Zoro has to beat all three seats before Vergo takes out Sanji, which I doubt can happen. Zoro is the strongest one here, but 3 vs 1 is hard. I think Zoro can win 1 vs 2, but I am doubtful on 1 vs 3 even with Asura.

Trebol has great tag-team abilities; golem Pica is impossible to take out with 2 seats distracting Zoro.

Diamante is a clown, but he is actually pretty strong. If he didn't pass out on a rock, Kyros might've lost.

I do think Zoro and Sanji will have better teamwork though and this could help evening the odds.


----------



## Ekkologix (Aug 26, 2015)

Amol said:


> And here Corus thought that I was underestimating seats
> Zoro mid diffing Vergo+ Pica+ Trebol + Diamante?
> Sure why not.



Thats why its mid to extreme... Its all up to Oda and how strong is Zoro's full power 

G4 Luffy can beat the 4 seats together; None would of though Luffy can do that until G4 is revealed. Same thing can happen with Zoro, and even Sanji. Oda indeed shat on Sanji but he can fix that if he wanted.



Coruscation said:


> What on earth are you talking about? Is this some anime bullshit you're referring to? Because absolutely none of it happened in the manga. All that happened was that Usopp attacked with the Shuriken Star and then we returned and he was beaten into a pulp with zero difficulty. Nothing else.
> 
> Stop lying. Robin didn't even know Trebol was a Logia as far as I remember. Even if she did it doesn't matter at all. She ONLY saw him shoot that fly, and THEN realized they can't possibly fight him head-on. That one display of power changed everything. If she could have fought she would have done so.

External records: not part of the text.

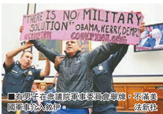
有男子在眾議院軍事委員會舉牌，不滿美軍軍事介入敘伊。

軍事委員會表示，由於伊拉克政府軍與ISIL力量懸殊，建議考慮除協助訓練的軍事人員外，派遣地面部隊參與伊拉克軍對抗ISIL任務。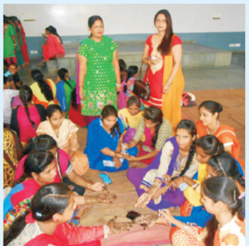
ਤੀਆਂ ਦੇ ਤਿਉਹਾਰ ਸਮੇਂ ਮਹਿੰਦੀ ਲਗਾਉਂਦੀਆਂ ਹੋਈਆਂ ਸੈਣੀ ਭਵਨ ਦੀਆਂ ਸਿੱਖਿਆਰਥਣਾਂ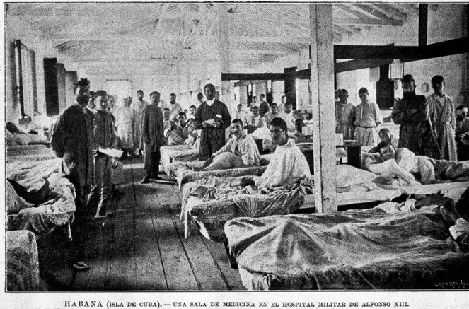
HABANA (ISLA DE CUBA).—UNA SALA DE MEDICINA EN EL HOSPITAL MILITAR DE ALFONSO XIII.

No hay tratamiento curativo para la fiebre amarilla. El tratamiento es sintomático y consiste en paliar los síntomas y mantener el bienestar del paciente. Uno de sus principales características es que altera la coagulación de la sangre produciendo hemorragias internas, que entre otros signos ocasiona vómitos que acostumbran a tener un color rojo oscuro ennegrecido al coagularse, de ahí su nombre de vómito negro. 60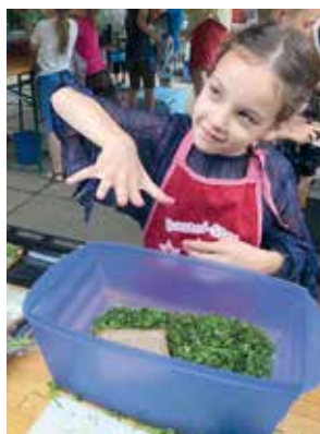
Die Kinder bei der Verarbeitung der Früchte ihrer Schulgartenarbeit.

schuljahres jährlich mit zwei Klassen auf dem Land- und Forstwirtschaftshof eines unserer Clubmitglieder „Unterricht auf dem Lande“ praktizieren und dabei Natur pur erleben und genießen.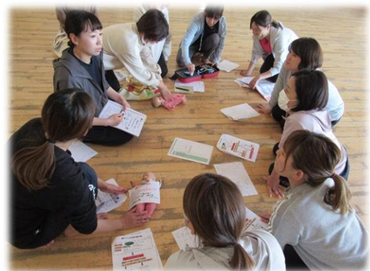
SIDS・けいれん対応の研修を行いました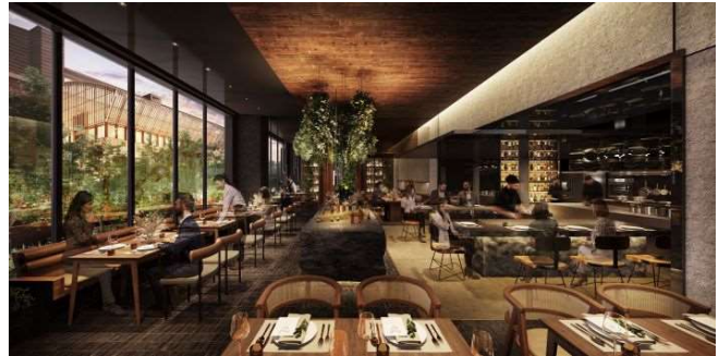
▲九州の食材を薪焼きで提供するレストラン

九州の山々で生育した天然木材、石やタイルなどの自然素材を基調とし、柔らかな雰囲気をつくるレストラン。豊かな風土に育まれた九州各地の食材を、九州の薪で調理して提供いたします。薪の薫りやパチパチと燃える音とともに、五感でお楽しみいただけます。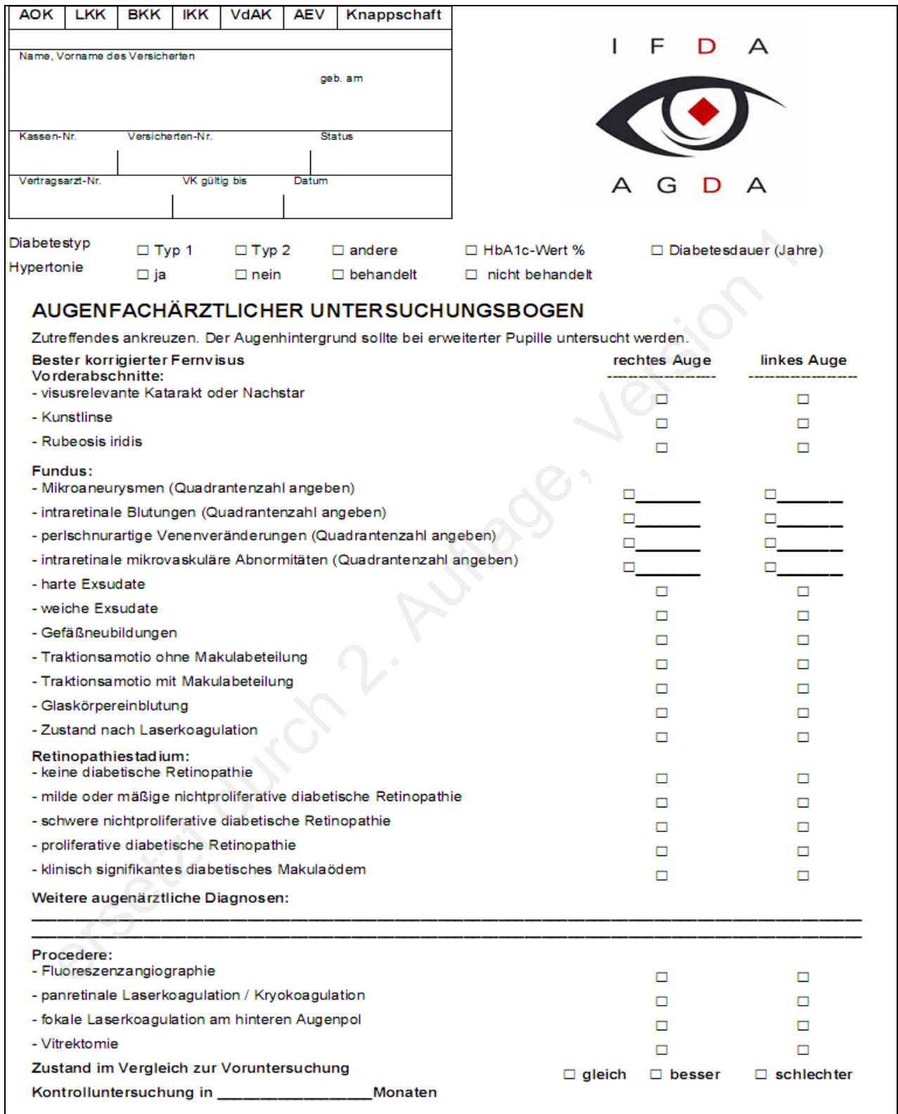
Abbildung 2: Dokumentationsbogen für die Augenuntersuchung (entnommen aus: Kurzfassung der DDG-Leitlinie „Diabetische Retinopathie und Makulopathie“)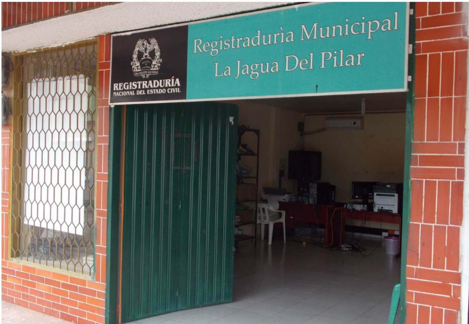
El número de votantes que entrega la Registraduría del municipio es mayor a la cifra de habitantes que entrega el Dane.

No I'm referring to where Usopp thought about the Tontattas suffering and then got that boost of courage to fight Trebol. The rest is a speculation or anime filler so it's not as important, although its implied that Usopp lost his confidence after he saw Trebol's ability to regain his body. Moreover, that is not even the point that I'm trying to say lol. I'm just stating that Trebol had the Logia over-confidence, though he wasn't even that strong to live up to the confidence, just like Caribou. A perfect example is when Law cut Trebol with Radio Knife. Trebol had the confidence but he lost it miserably after he saw how he was cut. He will repeat the same confidence act VS Sanji and Zoro just like he did VS Law, Luffy, Robin and Usopp so far.

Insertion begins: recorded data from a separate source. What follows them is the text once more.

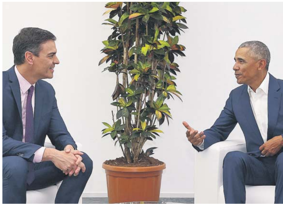
Pedro Sánchez y Barack Obama, ayer en Sevilla.

El PNV aprovechó que el Gobierno necesitaba sus votos para recordarle sus «compromisos» incumplidos en materia de traspasos. Por ejemplo, el año pasado se transfirió al Gobierno vasco la gestión de un tramo de la autopista API y dos líneas de ferrocarril, pero Vitoria todavía espera el de prisiones que acordó con Pedro Sánchez y reclama también la Seguridad Social, para lo que no hay acuerdo con Madrid. El portavoz del PNV en el Congreso, Aitor Esteban,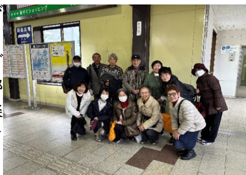
3/4みんなで一緒にお楽しみ会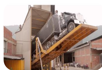
Planta de concentrados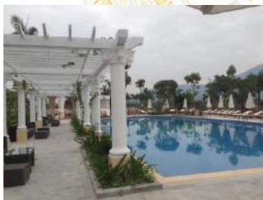
Khu DL nghỉ dưỡng Vườn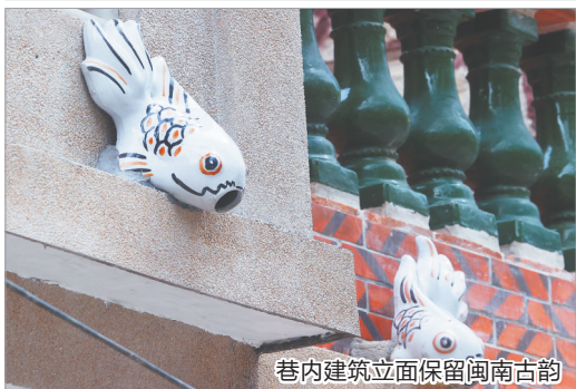
巷内建筑立面保留闽南古韵

早报讯 (融媒体记者张素萍 王柏峰 通讯员刘柏涵 王怡莹 文/图)近日,泉州古城城南片区百年古巷南岳宫口完成精细化提升改造。此次工程兼顾历史风貌保护与民生设施升级需求,通过路面修缮、管网改造、建筑整饰、配套提质等一系列举措,让这条承载闽南民俗文脉与老城烟火气的古巷古韵长存、功能升级。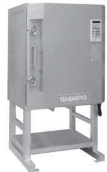
マイコン付小型電気窯

True, Robin got scared after she saw that fly shot because this meant that the tontattas cannot go with their plan anymore as they will get shot just like the fly. Moreover, Robin was not scared for herself as much as for them. She by herself did a good job stalling Trebol and even blocked his attack. She knew Trebol is either a Logia or Paramecia by seeing him use his ability iirc. Anyways my point here is Robin would actually put up some fight against Trebol with her clones and high reaction speed. She can block the snot by her hands before it reaches her as was shown on the Manga. I think she doesn't even have to block it with a stone.


----------



## Coruscation (Aug 26, 2015)

Go D. Usopp said:


> No I'm referring to where Usopp thought about the Tontattas suffering and then got that boost of courage to fight Trebol. The rest is a speculation or anime filler so it's not as important, although its implied that Usopp lost his confidence after he saw Trebol's ability to regain his body. Moreover, that is not even the point that I'm trying to say lol. I'm just stating that Trebol had the Logia over-confidence, though he wasn't even that strong to live up to the confidence, just like Caribou. A perfect example is when Law cut Trebol with Radio Knife. Trebol had the confidence but he lost it miserably after he saw how he was cut. He will repeat the same confidence act VS Sanji and Zoro just like he did VS Law, Luffy, Robin and Usopp so far.
> 
> True, Robin got scared after she saw that fly shot because this meant that the tontattas cannot go with their plan anymore as they will get shot just like the fly. Moreover, Robin was not scared for herself as much as for them. She by herself did a good job stalling Trebol and even blocked his attack. She knew Trebol is either a Logia or Paramecia by seeing him use his ability iirc. Anyways my point here is Robin would actually put up some fight against Trebol with her clones and high reaction speed. She can block the snot by her hands before it reaches her as was shown on the Manga. I think she doesn't even have to block it with a stone.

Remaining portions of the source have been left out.